# Sony RAW Option?



## Sorikan (May 18, 2010)

I currently have a Sony DSC-H9, and I would like to be able to save pictures as RAW instead of JPG. I have been through the menu, and I cannot seem to find this option. 

If this model cannot save RAW images, does anyone know what the cheapest brand name 8+ mega pixel camera is that does save RAW images?

Thanks!


----------



## Garbz (May 19, 2010)

Digital SLRs can. 99.9% of consumer point and shoot cameras, even most of the much larger ones like the DSC-H9 do not have the option although quite a few Canon cameras can be hacked with the CHDK firmware to enable RAW output.


----------



## Dao (May 19, 2010)

I know the Canon G series such as the G11 or the Canon S90 can output RAW.


----------



## Garbz (May 20, 2010)

Yeah.
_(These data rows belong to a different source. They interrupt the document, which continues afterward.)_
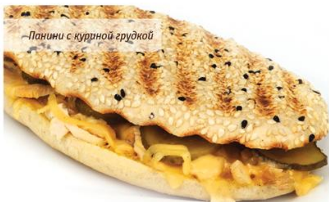
Панини с куриной грудкой

Панини с куриной грудкой в соусе карри Panini with chicken breast and curry sauce Панини с кунжутом, куриная грудка, маринованные огурчики, сыр «Эдам», соус карри. 180г, 219р.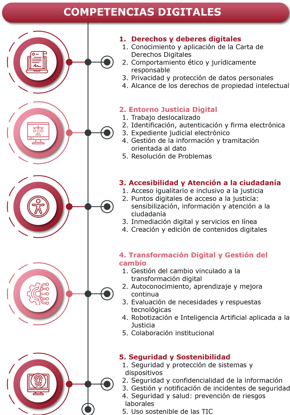
Ilustración 2. Competencias por área

A su vez, cada área competencial aglutina una serie de competencias relacionadas con ese ámbito concreto, hasta configurar un marco completo compuesto de un total de 23 competencias digitales para la formación del personal de justicia.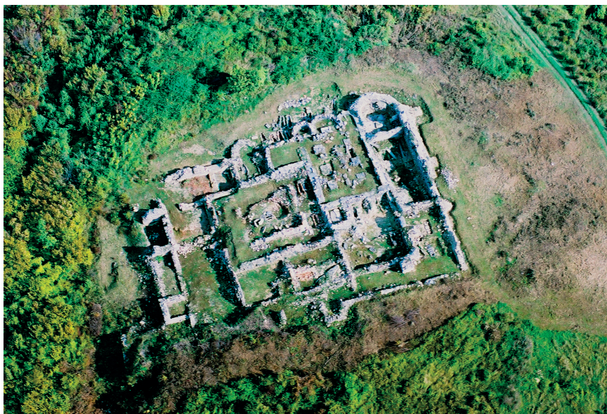
Slika 3. Ostaci crkve i samostanskog kompleksa – Rudina

stojanje neke antičke arhitekture na mjestu ili u blizini rudinskog samostana, možemo li pretpostaviti da je na tome mjestu još u antičko vrijeme stajala neka sakralna građevina? Stanje istraživanja, nažalost, ne omogućuje nikakav konkretan temelj za takvu pretpostavku, međutim pronalazak već spomenute grobne ploče s motivom ribe svakako upućuje na to da bi vrijedilo razraditi i provjeriti takvu hipotezu.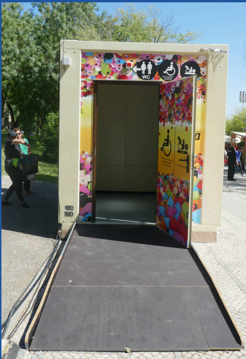
Aspeto exterior de uma casa de banho adaptada.

Em várias zonas do parque (pode consultar as zonas no mapa de acessibilidade que pode encontrar aqui ) pode encontrar casas de banho adaptadas que têm o seguinte aspeto.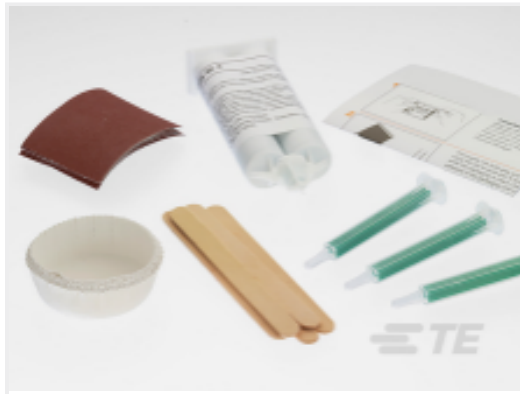
TE 产品编号657863-000 S1125-KIT-8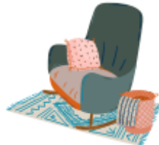
tomar un descanso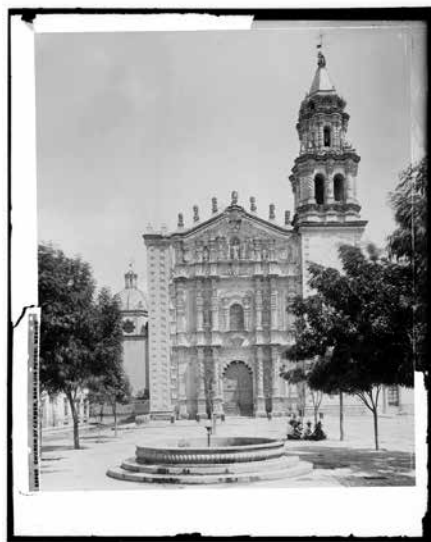
“3969. Church of Carmen, San Luis Potosi, Mexico”, 1891.

Library of Congress, Prints and Photographs Division, colección Detroit Publishing Company, 4a03737.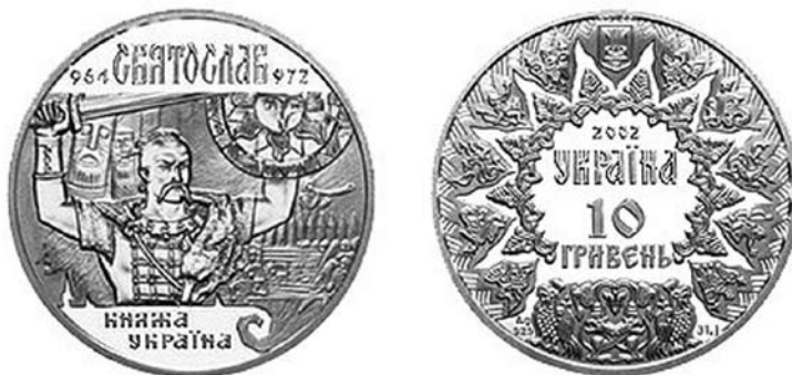
Рис. 4. Пам'ятна монета. 2002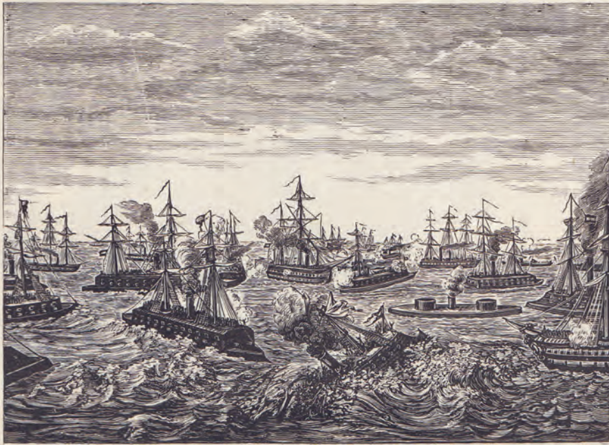
Viška bitka, gravura, prije 1882., © Arhiv Littrow u Beču

Opće oduševljenje pobjedom kod Visa austrijske mornarice pod admiralom Tegetthoffom zahvatilo je i Littrowa i gotovo ga primoralo na pisanje velike pjesme Matrosenlied. Den Siegern von Lissa gewidmet ( Pjesma mornara. Posvećeno pobjednicima kod Visa ) (Trst, 1866.).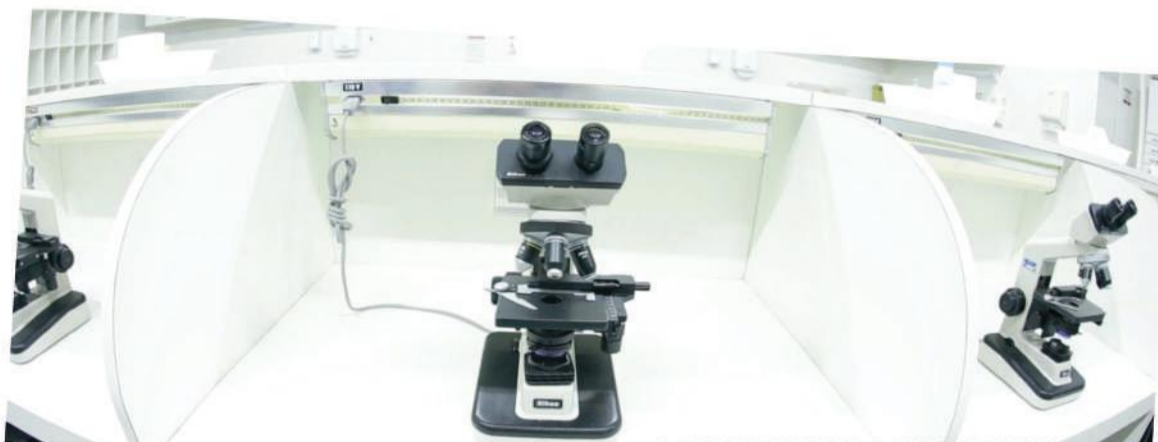
Mais de vinte laboratórios para aulas práticas, em várias áreas das Ciências da Saúde

No comando de tudo isso está uma equipe de professores competente e atenciosa. Por tradição, a Universidade Paranaense seleciona para seu corpo docente profissionais altamente qualificados, critério decisivo para continuar inserida no time das instituições com padrões acadêmicos de excelência.

G9, G10, and G11. The G5 and G7 require firmware hacks. Earlier models (not that you want to buy an ancient old camera didn't have this feature.


----------



## Sorikan (May 20, 2010)

Thank you for all the info!

I asked as I am trying to determine which camera can give me the best RAW image that can then be zoomed in for license plate and facial recognition.

So far, I have been surprised how much closer you have to be for facial recognition versus license plate recognition!

If anyone could post or link to a RAW image I would like to actually see one to determine how far it is possible to zoom into one and still be able to tell what it is you are looking at!

Thanks again!


----------



## Garbz (May 21, 2010)

...

A RAW image is does not provide any additional resolution. The ability to zoom in on a JPEG image with sharpening set to low should compare to a RAW quite well.


----------